Every time a new long context model is released, some people predict it will be the end of RAG pipelines. I don’t think that’s going to happen. This whole discussion should be a blog post of its own, so I’m not going into depth here and saving the discussion for another one. Let me just say that I don’t think it’s one or the other. They are complements. Instead, we will probably be using long context models together with RAG pipelines.

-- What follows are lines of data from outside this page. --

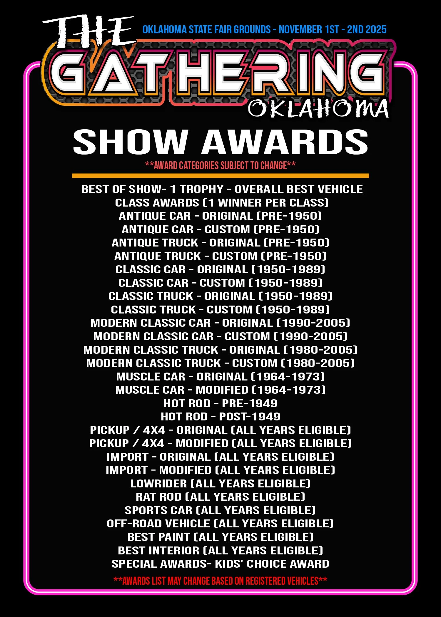 Awards are subject to change/removal based on the vehicles registered for the event
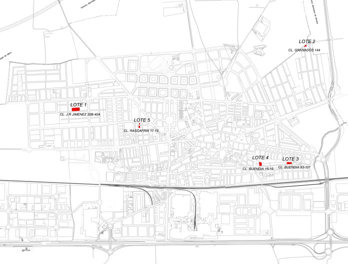 Las 23 parcelas se dividen en los siguientes cinco lotes: 10 parcelas en la calle Juan Ramón Jiménez, números 30-B a 40-A; 1 parcela en la calle Granados, número 144; 5 parcelas en la calle Buendía, números 93 a 101; 4 parcelas en la calle Buendía, números 15 a 19 y, por último, 3 parcelas en la calle Rascafría, números 17, 18 y 19.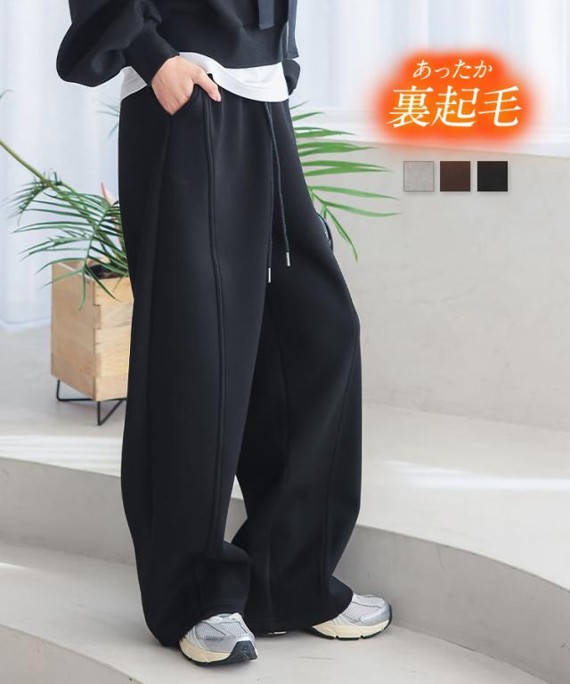 裏ファーボンディングダイバーバレルレッグカーブパンツ M4155 入荷済 レディース 20代 30代 40代 カーブパンツ バレルレッグ エッグパンツ コクーン ダイバー 裏起毛 裏ファー 暖か あたたかい 低身長 プチ ダンボール スウェット セット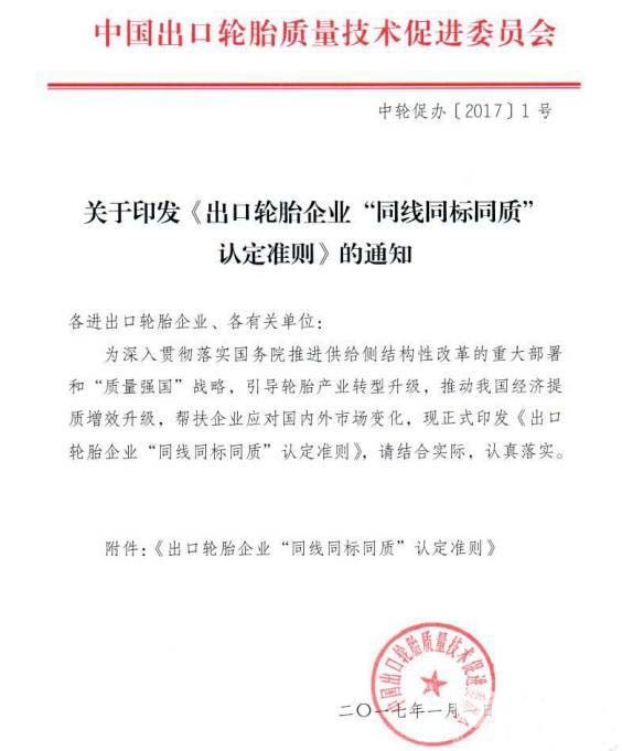 2017年1月6日消息:近日,中国出口轮胎质量技术促进委员会正式印发《出口轮胎企业“同线同标同质”认定准则》(下称认定准则)。
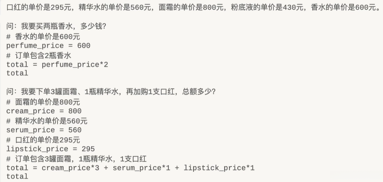 此时,我们给AI的要求就是,在设计计算步骤时,生成得到计算结果所需的代码+思维链,在小样本提示中,写出解决问题所需的变量赋值、数学运算等代码,让模型照猫画虎。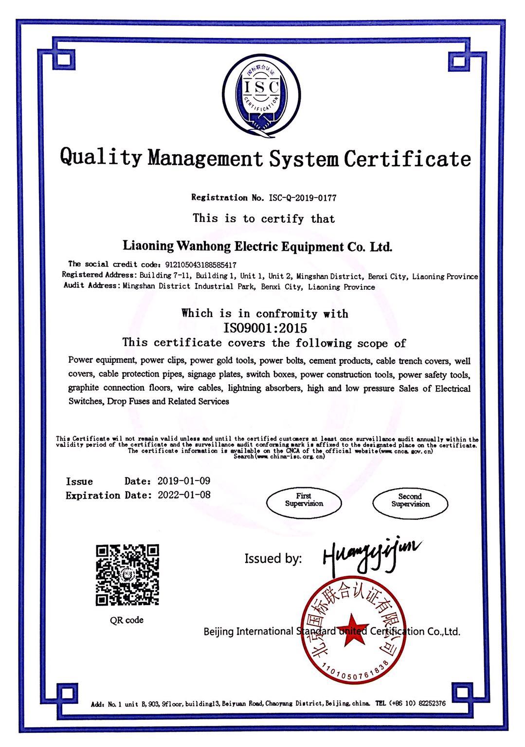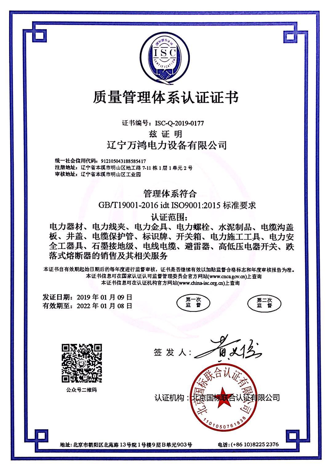 辽宁万鸿电力设备有限公司本次成功通过质量管理体系认证,符合GB/T19001-2016 idt ISO90012015的标准要求。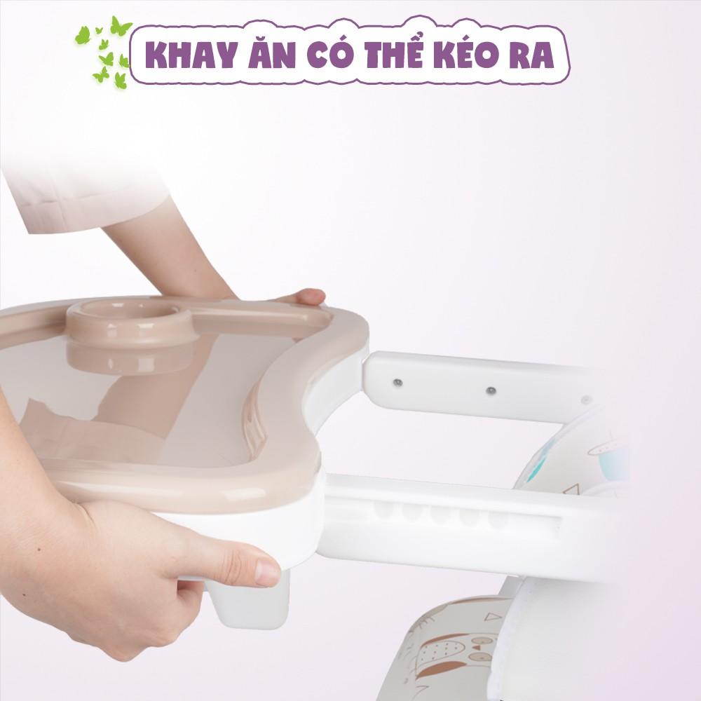 - Khay ăn có thể tháo rời dễ dàng vệ sinh hoặc khi bé đã lớn hơn, có thể ngồi ăn chung bàn với cả nhà. Khay ăn có tới 3 nấc điều chỉnh xa gần hoặc tháo rời.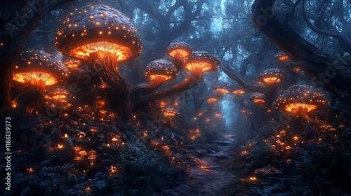 Naklejka premium Glowing mushrooms illuminate a mystical forest path.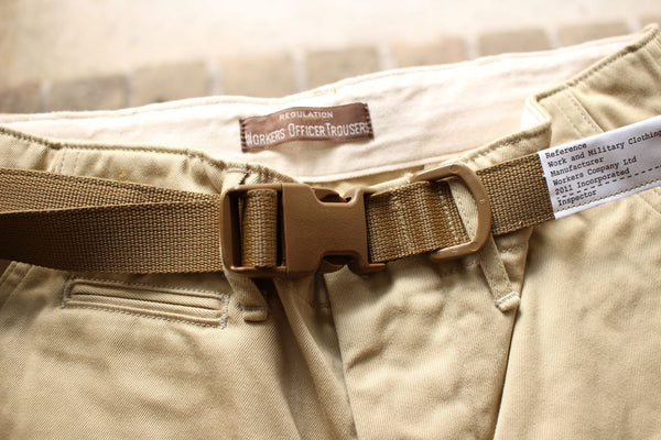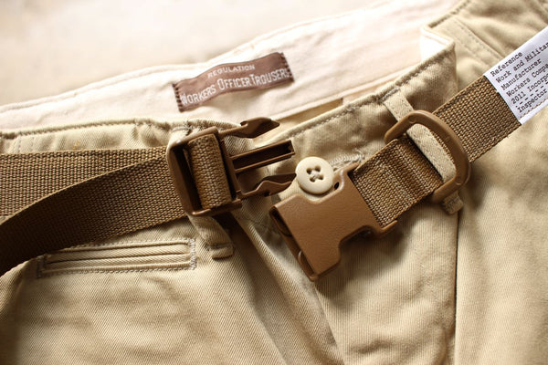 ナイロンウェビング(規格・MIL-A-A-55301)を用いた軽めのベルトです。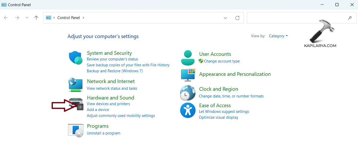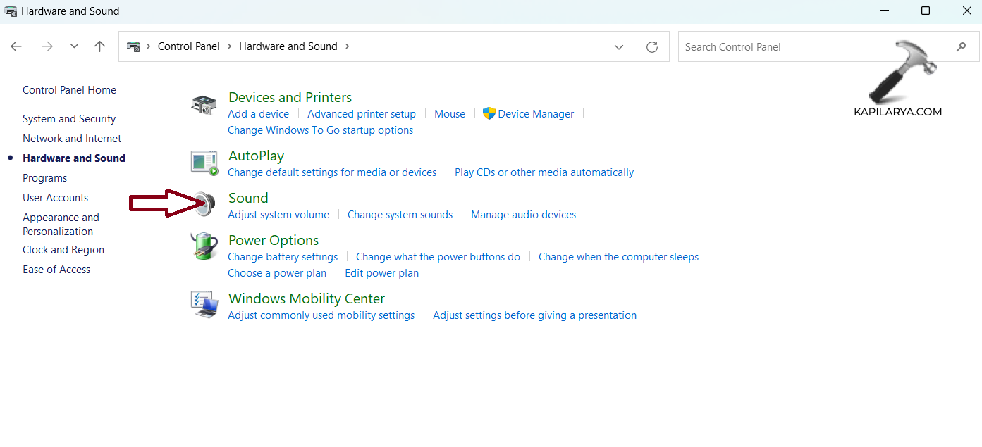2。「ハードウェアとサウンド」をクリックします。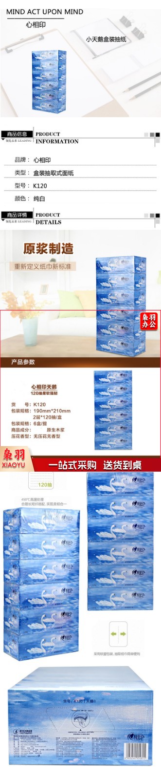 心相印 K120 盒装抽纸小天鹅 120抽 6盒/提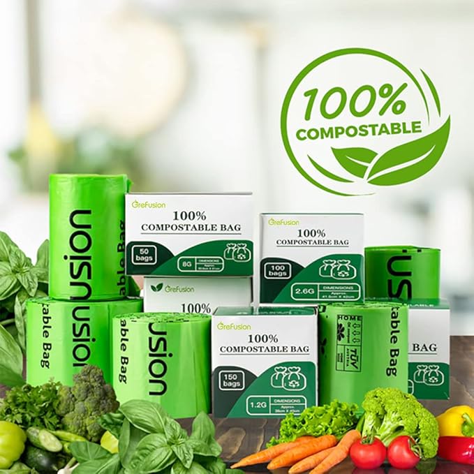 - 【COMPOSTABLE BAGS & MALL TRASH BAGS】The GreFusion compostable trash bags is the perfect size for small trash can receptacles in bathroom trash can, car trash can, kitchen trash can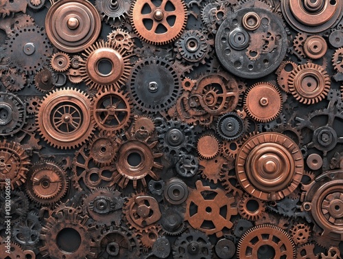 Intricate copper and bronze gears background.

Also, having a database in applications is not a new concept. The term ‘RAG,’ which refers to retrieving information from a knowledge source to enhance an LLM’s output, has faced criticism. Some argue it’s merely a rebranding of techniques long used in other fields, such as software engineering. While I think we will probably part from the term in the long run, the technique is here to stay.
Despite predictions of RAG’s demise, retrieval remains a cornerstone of AI pipelines. While I may be biased by my work in retrieval, it felt like this topic became more mainstream in AI this year. It started with many discussions around keyword search (BM25) as a baseline for RAG pipelines. It then evolved into a larger discussion around dense retrieval models, such as ColBERT or ColPali.
Knowledge graphs
I completely missed this topic because I’m not too familiar with it. Knowledge graphs in RAG systems (e.g., Graph RAG) were another big topic. Since all I can say about knowledge graphs at this moment is that they seem to be a powerful external knowledge source, I will keep this section short.